Biden tax plan weighs on stocks, Bitcoin tumbles

Morning Note

European equity indices opened a tad lower on Friday morning after stocks fell on Wall Street on reports Joe Biden is planning to slap much higher capital gains taxes on the wealthy. This was always part of the equation when we looked at the implications of a Biden presidency, but markets have been pepped up on a mix of fiscal stimulus, the Fed’s extraordinarily accommodative stance, a strong cyclical impulse from the vaccine-led reopening and a bounce back in earnings. The major averages fell in lockstep, dropping by almost 1% , though the Russell 2000 ended the session flat as the selling was led chiefly by the longer-term growth names like Tesla and Amazon. The Dow Jones finished the day at 33,815, a decline of more than 300 pts. The S&P 500 closed down 0.92% at 4,134 and the Nasdaq Composite notched a similar decline to finish at 13,818. The FTSE 100 opened lower and is heading for a decline of more than 1% for the week. As of send time the CAC 40 had inched into the green. I would not describe risk as being offered as such; it’s been a pretty choppy week and I would be equally unsurprised if stocks turned around this afternoon and ended the week higher as I would if Wall Street led a sharp decline into the weekend.

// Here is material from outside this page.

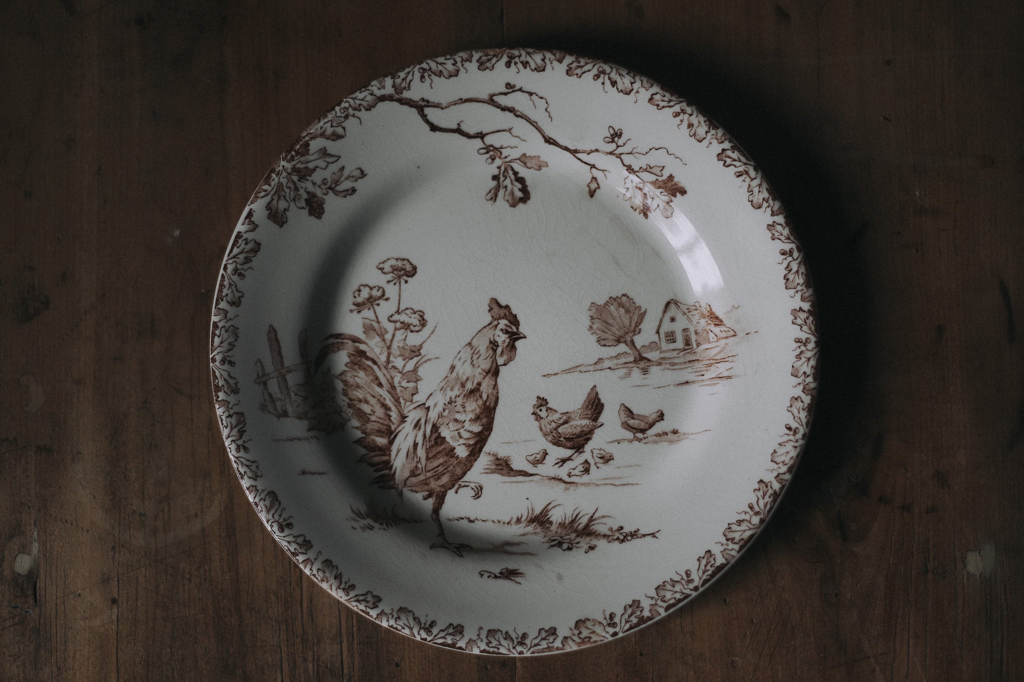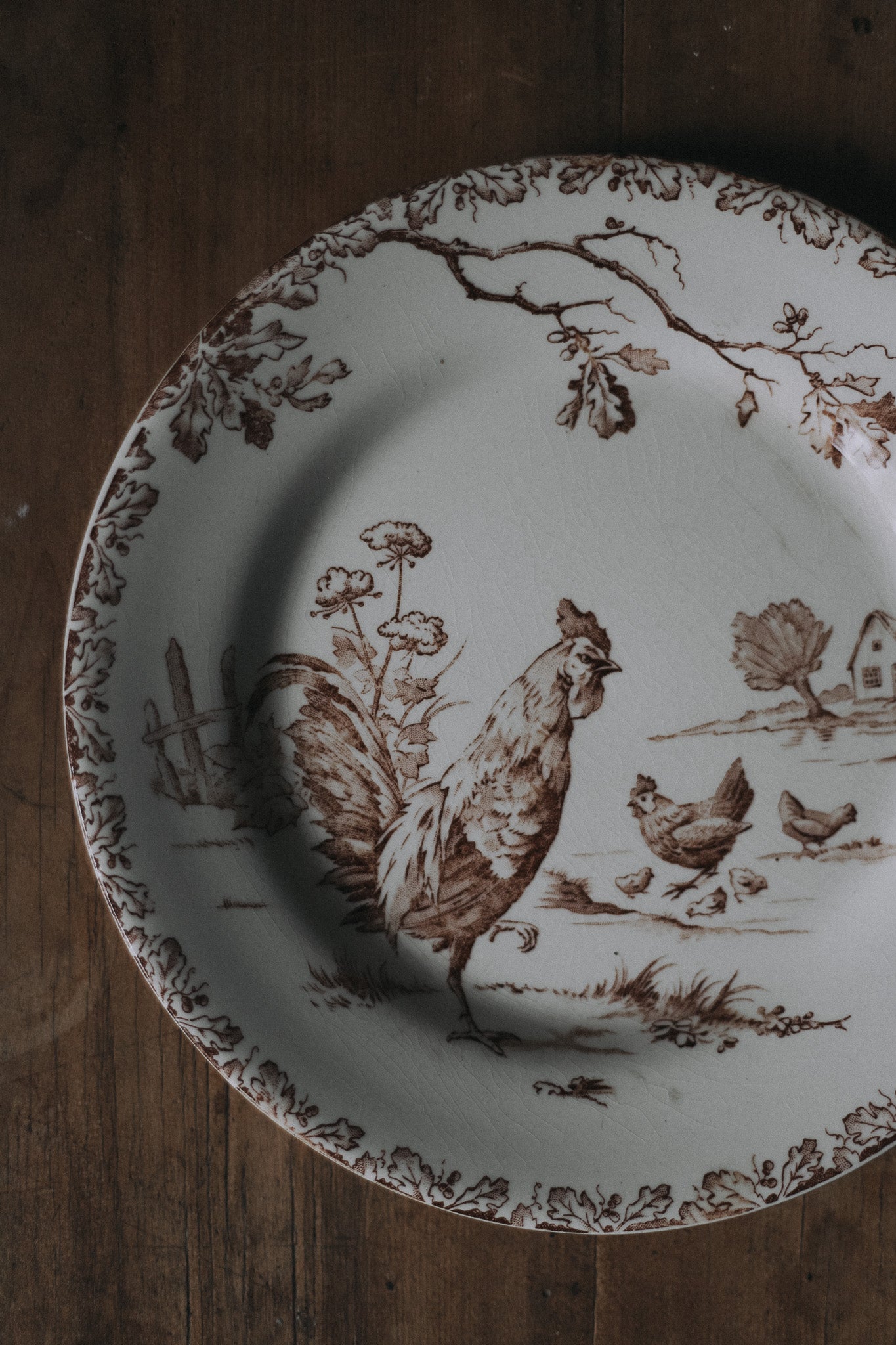 Charming and scarce, this antique French transferware plate features a beautifully detailed rooster in warm brown tones — a classic symbol of France and country life. Its delicate transfer design and softly aged glaze speak to rustic elegance once found on provincial tables. Perfect for collectors of French transferware or styled as wall décor in a farmhouse kitchen, it is a rare treasure that blends history, artistry, and the soulful charm of the French countryside.

The Biden administration is looking to raise the top marginal income tax rate to 39.6% from 37%, whilst also doubling capital gains tax to 39.6% for people earning more than $1 million. Tax the rich, hand it out to the poor. Sounds like furlough, but on a permanent basis. The big problem (one of many) in all this is the Senate – it would require support of all the Democrats in the upper chamber and this is far from assured. Stocks would probably be a lot lower if investors were really worried, and I think markets can overcome this move, even if it manages to pass through the Senate, which I don’t think it will. Nevertheless, coming off record highs and a good run up through the start of the year, the macro picture not really changing, rising Covid cases globally, strong earnings and other supportive factors largely priced in and the extent to which investors are ‘all in’ equities, we could be set for a downwards move in equities over the coming weeks. Beware seasonal factors (I dare not say ‘sell in May’…)

The economic picture continues to improve in the US. Initial claims for unemployment insurance fell to 547,000 last week, down from 576,000 the prior week and below the roughly 600,000 estimated. The number of continuing claims also fell.

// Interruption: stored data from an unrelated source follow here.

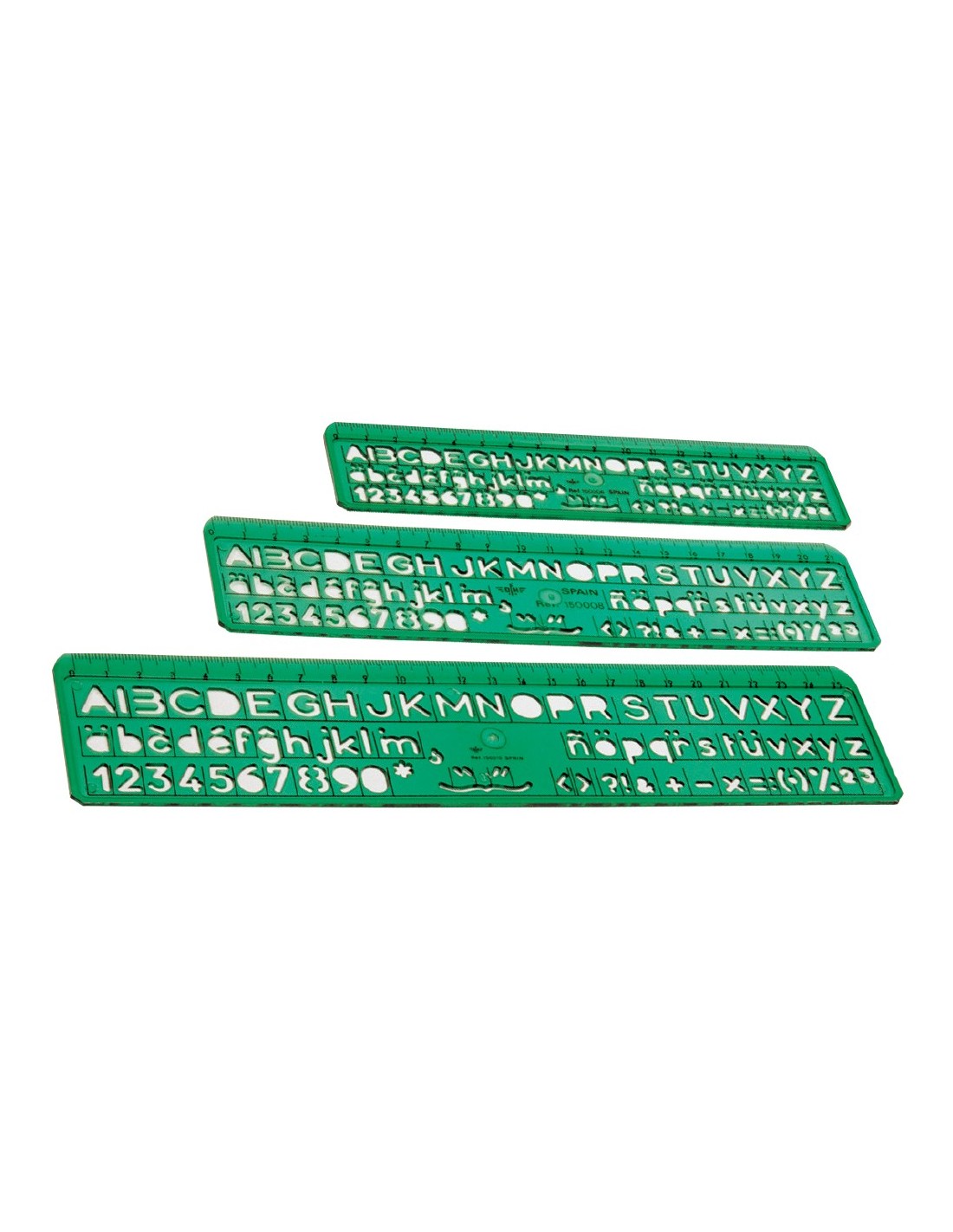 Rotulación gruesa recta. Medidas de la letra: 6, 8 y 10 mm. El juego de 3 plantillas.
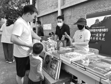 中關(guān)村圖書大廈攜手西郊機(jī)場居民委員會走進(jìn)西郊機(jī)場家屬區(qū),開展“八一建軍節(jié) 品書香文化”主題宣傳活動。
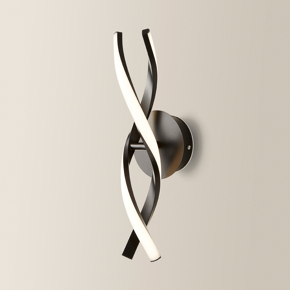 Lighten up your home in a versatile and environmentally friendly way with LED lighting. This sleek double twist design wall light fitting in a matte black finish looks just as effective switched off as it does on, while giving off a neutral white, vibrant ambience. This wall light is IP44 rated and can be used in any room in your home, including bathrooms and outdoor areas. With a perfect balance of style and functionality, this light brings a touch of modern sophistication to any space, and the efficient design can be used as a flush fitting for ceilings or walls. Dimensions: H40 x W12 x D12cm.
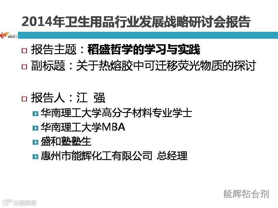 在此次会议中,惠州市能辉化工有限公司江强总经理以稻盛哲学的学习与实践为主题,结合热熔胶中可迁移性荧光增白物质的探讨做了专题报告。报告PPT分享如下:
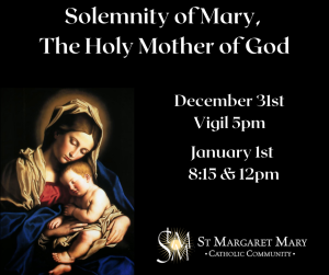 Solemnity of the Mary, Mother of God – December 31 @ 5pm & Jan 1 @ 8:15am & 12pm

Likewise, UK retail sales numbers were very positive in March as consumers opened their wallets ahead of the reopening of non-essential shops. Sales rose by 5.4% from February, well ahead of the 1.5% expected. Clothes, gardening goodies and specialist food items from bakers and butchers were in vogue.

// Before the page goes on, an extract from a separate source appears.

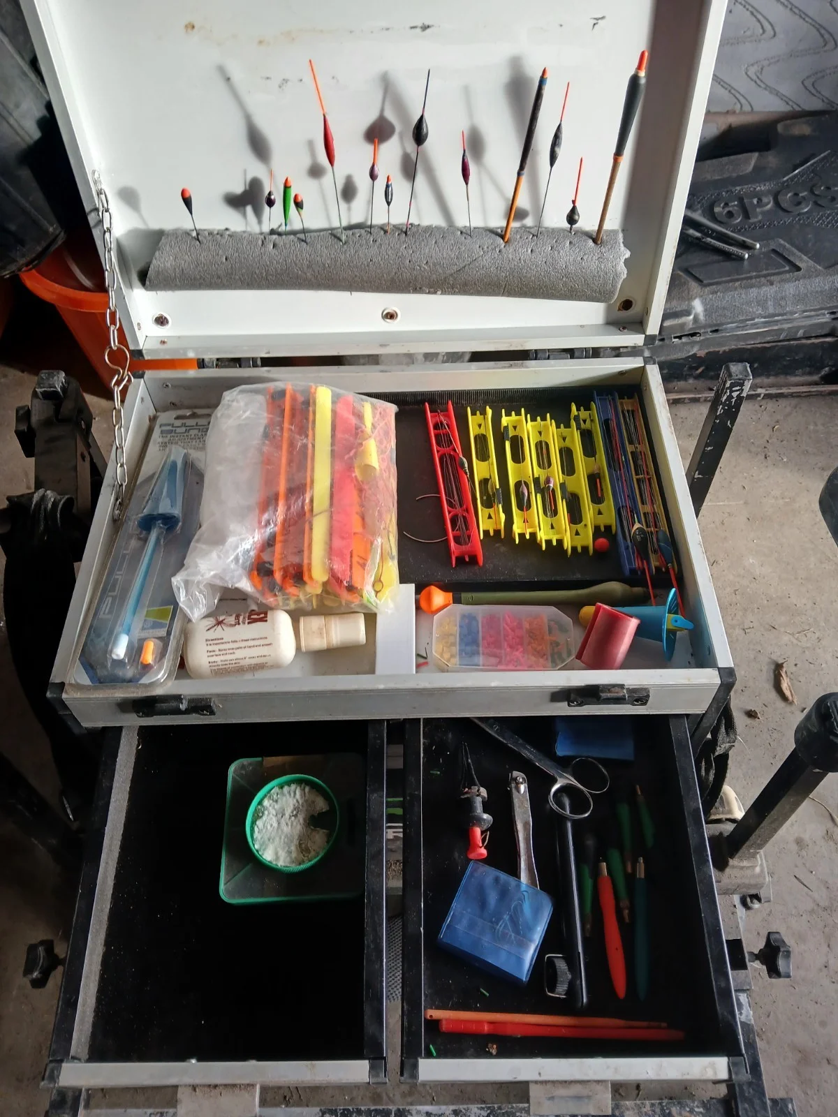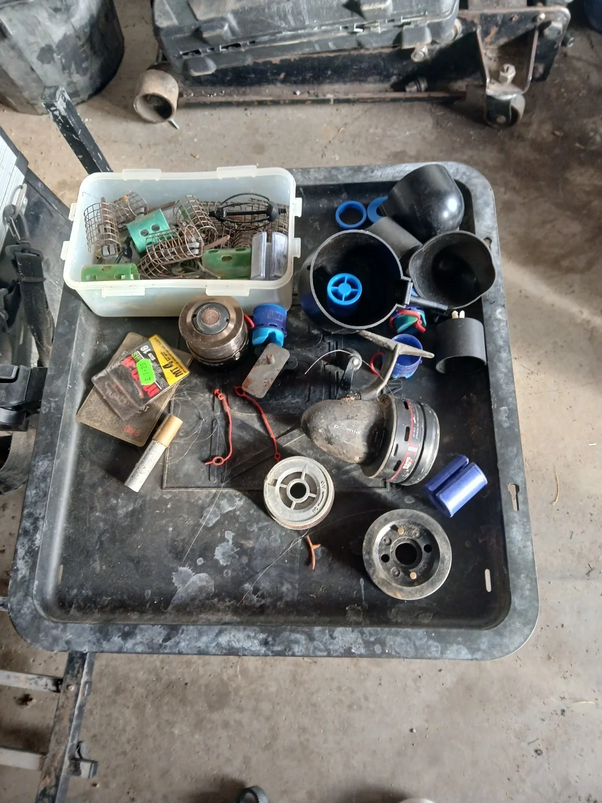 maver adjustable leg seatbox .side bait tray ..garolino keep nets ..rod rest ..catapults .abu garcia reel ect ..

Even Europe is showing immense resilience in the face of lockdowns – France’s Services PMI came in at 50.4 against 46.7 forecast, whilst the manufacturing survey surged to 59.12. The composite PMI rose to 51.7 from 50 previously, with the outperformance in services meaning it easily beat the 49.4 expected. Germany’s composite PMI came in at 56, still in expansion territory, but short of the 57 expected and down from the 57.3 in March.

The dollar is offered in early trade, with EURUSD jumping to 1.2050, Yesterday’s ECB presser high of 1.2070 is the main target for bulls. GBPUSD also tried to sustain a rally to 1.39 but hit resistance at 1.3890 and reversed a touch.

The euro remains steady following yesterday’s ECB meeting, which left markets on an even keel as the central bank managed to maintain its dovish stance and fend off chatter about wrapping up its emergency bond buying programme. Christine Lagarde played down any taper talk, saying this was ‘premature’ and that the recovery still has a long way to go. The yield on 10-year German bunds moved lower.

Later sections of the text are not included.